Here, it’s important to note the prime directive of most people’s lives is not to maximise the market price of their assets. As complex beings, we have goals in life that go far beyond the realm of financial security and freedom. Yes, these things are important, worthy goals, but if financial advisers focus solely on maximising financial returns on investments, they miss the greater purpose of financial planning.
Personal finance isn’t about maximising the amount of dollars a person collects in their lifetime. It’s about making good choices with our limited resources so that we can live the lives we want to live. Dr. Brian Portnoy of Shaping Wealth puts it best, I think, when he says the true goal of financial planning is, "funded contentment."
I know some of the purists out there will argue that the purpose of financial management is to maximise the dollars and cents, so the client can use that money to create a life they want. More money means more ability to create that life, so maximising dollars and cents is the goal of the financial manager.
To these cynics, I would argue that many financial tradeoffs carry with them emotional costs and benefits that cannot be separated from the transaction.
In these instances, ignoring emotions causes us to value outcomes incorrectly. I know scores of people who would turn down even triple-digit returns if it required them to directly harm others or significantly deplete the planet of natural resources. To the purist who thinks only in terms of numbers, this is irrational, but to these decision-makers the tradeoff is clear and there is no sense of loss or missing out by not pursuing such actions.
More Than a Feeling
Consider, for example, a person who is thinking about selling their house after a painful divorce.
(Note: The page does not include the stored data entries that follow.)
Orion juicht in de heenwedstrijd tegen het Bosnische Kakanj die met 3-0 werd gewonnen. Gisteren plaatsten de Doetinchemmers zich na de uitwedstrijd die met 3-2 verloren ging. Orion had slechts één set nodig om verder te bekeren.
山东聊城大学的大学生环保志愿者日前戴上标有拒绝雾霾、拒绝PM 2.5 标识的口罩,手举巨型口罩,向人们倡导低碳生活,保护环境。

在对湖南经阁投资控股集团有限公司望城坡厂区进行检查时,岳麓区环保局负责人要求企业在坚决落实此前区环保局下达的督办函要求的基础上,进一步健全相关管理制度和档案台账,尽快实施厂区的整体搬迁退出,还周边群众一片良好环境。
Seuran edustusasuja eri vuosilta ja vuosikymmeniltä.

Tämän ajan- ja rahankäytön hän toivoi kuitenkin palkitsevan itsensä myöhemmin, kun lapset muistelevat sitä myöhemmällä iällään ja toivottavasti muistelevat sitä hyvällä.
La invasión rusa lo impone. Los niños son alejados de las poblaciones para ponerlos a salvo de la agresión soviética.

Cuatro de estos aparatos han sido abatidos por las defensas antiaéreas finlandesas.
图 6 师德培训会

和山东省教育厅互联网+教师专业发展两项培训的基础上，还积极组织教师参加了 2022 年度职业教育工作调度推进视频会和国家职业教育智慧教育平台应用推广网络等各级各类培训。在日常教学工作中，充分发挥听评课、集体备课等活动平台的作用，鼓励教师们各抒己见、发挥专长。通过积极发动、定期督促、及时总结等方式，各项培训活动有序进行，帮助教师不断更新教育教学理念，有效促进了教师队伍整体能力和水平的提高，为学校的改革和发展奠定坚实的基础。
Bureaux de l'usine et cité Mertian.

The house is an asset with a specific financial value, and you can easily estimate the financial return that they can achieve through the sale. However, the emotions they associate with the house will affect the total utility of the transaction.
In this example, Person A associates the house with the negative emotional and psychological aspects of the broken relationship, and so selling the house and moving somewhere new would provide an additional benefit above the financial.
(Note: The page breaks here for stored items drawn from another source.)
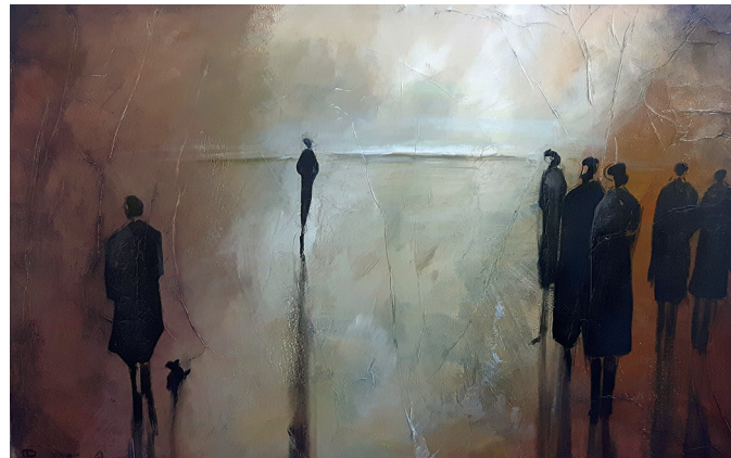
Patricia Hagner-Pitterle, „Aufbruch“

bis 25 Personen 40,00 Euro Jüdischer Friedhof 40,00 Euro Audioguide 2,00 Euro
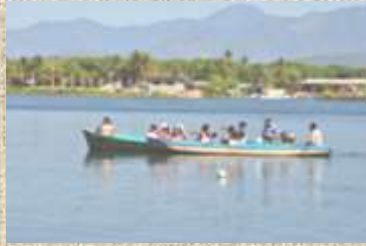
Boca del Cielo, Chiapas
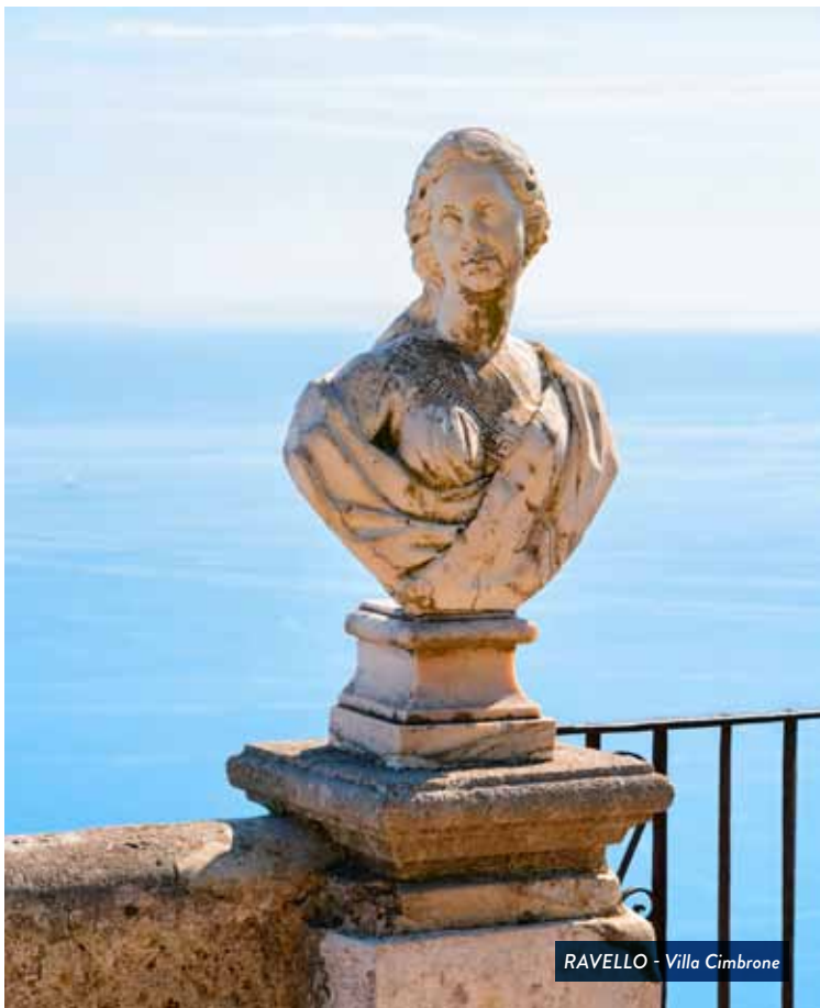
RAVELLO - Villa Cimbrone

NO DIA 7: Hospedagem no centro da cidade

Person B associates the house with the family they’ve nurtured and the roots they’ve set down. It provides for them a much-needed sense of continuity and stability in an otherwise tumultuous and uncertain time. For Person B, to sell the house would exact an emotional cost, reducing the overall utility of the transaction.
Thinking about financial tradeoffs through the lens of maximising utility allows us to easily explain many human behaviors that don’t make sense through the lens of finance alone. It can also help explain how two people can have wildly different experiences of similar financial transactions.
Personal Finance is More Personal than Financial
Crises reveal, and COVID is no exception. This elongated period of uncertainty, stress, and isolation has motivated a major re-examination of priorities for many, and macro socio-economic trends suggest that people are giving more weight to the non-financial aspects of their work and home lives than before the pandemic.
These trends shine a spotlight on the non-financial aspects of financial tradeoffs, and wise financial professionals will take note. Thinking about financial tradeoffs in terms of maximising utility rather than dollars can help explain why numbers alone are not always convincing to clients.
Advisers who learn to incorporate the emotional and psychological aspects of decisions into their thinking will find that they are more equipped to work side-by-side with clients to craft strategies that maximize quality of life. Helping clients reach the ultimate goal of "funded contentment" is a valuable service indeed.